--- The problem ---
Your answer must be the lines from the top of the listing below through the line that holds "甘肃省皋兰县石洞小学《关于严禁学生过早到校的通知》。(截图)", retyped exactly, with no pictures.

--- Dataset section ---
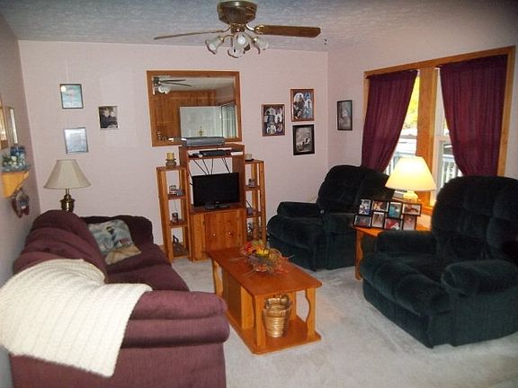 Drive a little save a lot. 2400 square foot ranch in move in condition that features a large family room, pool table stays. Dining room has cathedral ceiling and cherry trim. Split plan has 2 bedrooms on one side and 3 on the other. One is used as an office (high speed internet is available through horizon)and another as a huge walk-in closet. There is a huge l-shaped pantry and another large storage room off the family room. There is a basement area that they use for wood storage with a garage door plenty of room for the riding mower etc. Nice deck on the front and a small deck to the rear with a very nice view. Circular driveway. Above ground pool with fencing and storage for equipment. 2 200amp sevices.
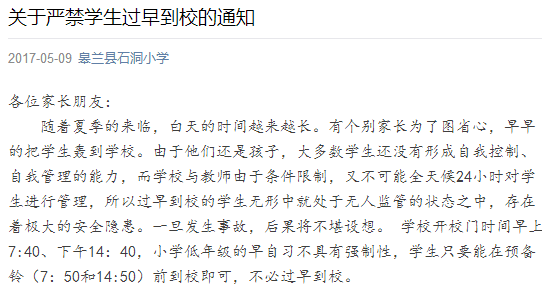 甘肃省皋兰县石洞小学《关于严禁学生过早到校的通知》。(截图)
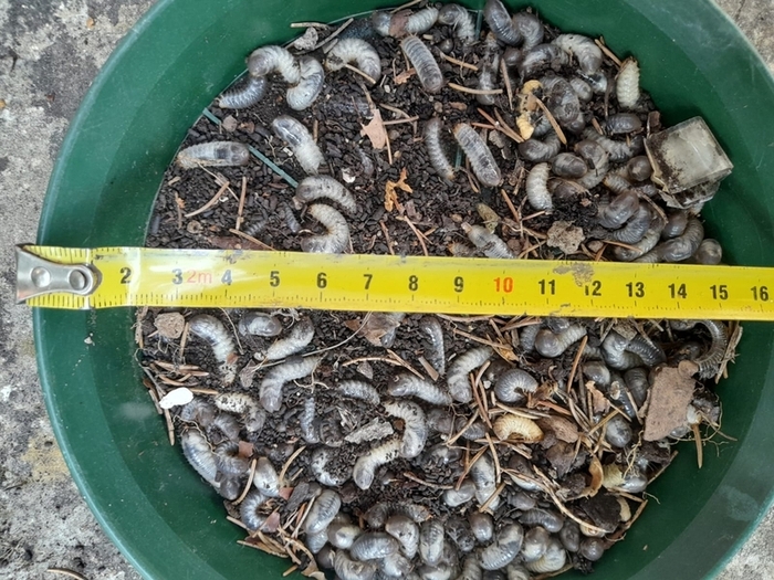 Queste sono tutte le larve che siamo riusciti a raccogliere, contenute in una sola fioriera.

--- Worked solution ---
 Drive a little save a lot. 2400 square foot ranch in move in condition that features a large family room, pool table stays. Dining room has cathedral ceiling and cherry trim. Split plan has 2 bedrooms on one side and 3 on the other. One is used as an office (high speed internet is available through horizon)and another as a huge walk-in closet. There is a huge l-shaped pantry and another large storage room off the family room. There is a basement area that they use for wood storage with a garage door plenty of room for the riding mower etc. Nice deck on the front and a small deck to the rear with a very nice view. Circular driveway. Above ground pool with fencing and storage for equipment. 2 200amp sevices.
 甘肃省皋兰县石洞小学《关于严禁学生过早到校的通知》。(截图)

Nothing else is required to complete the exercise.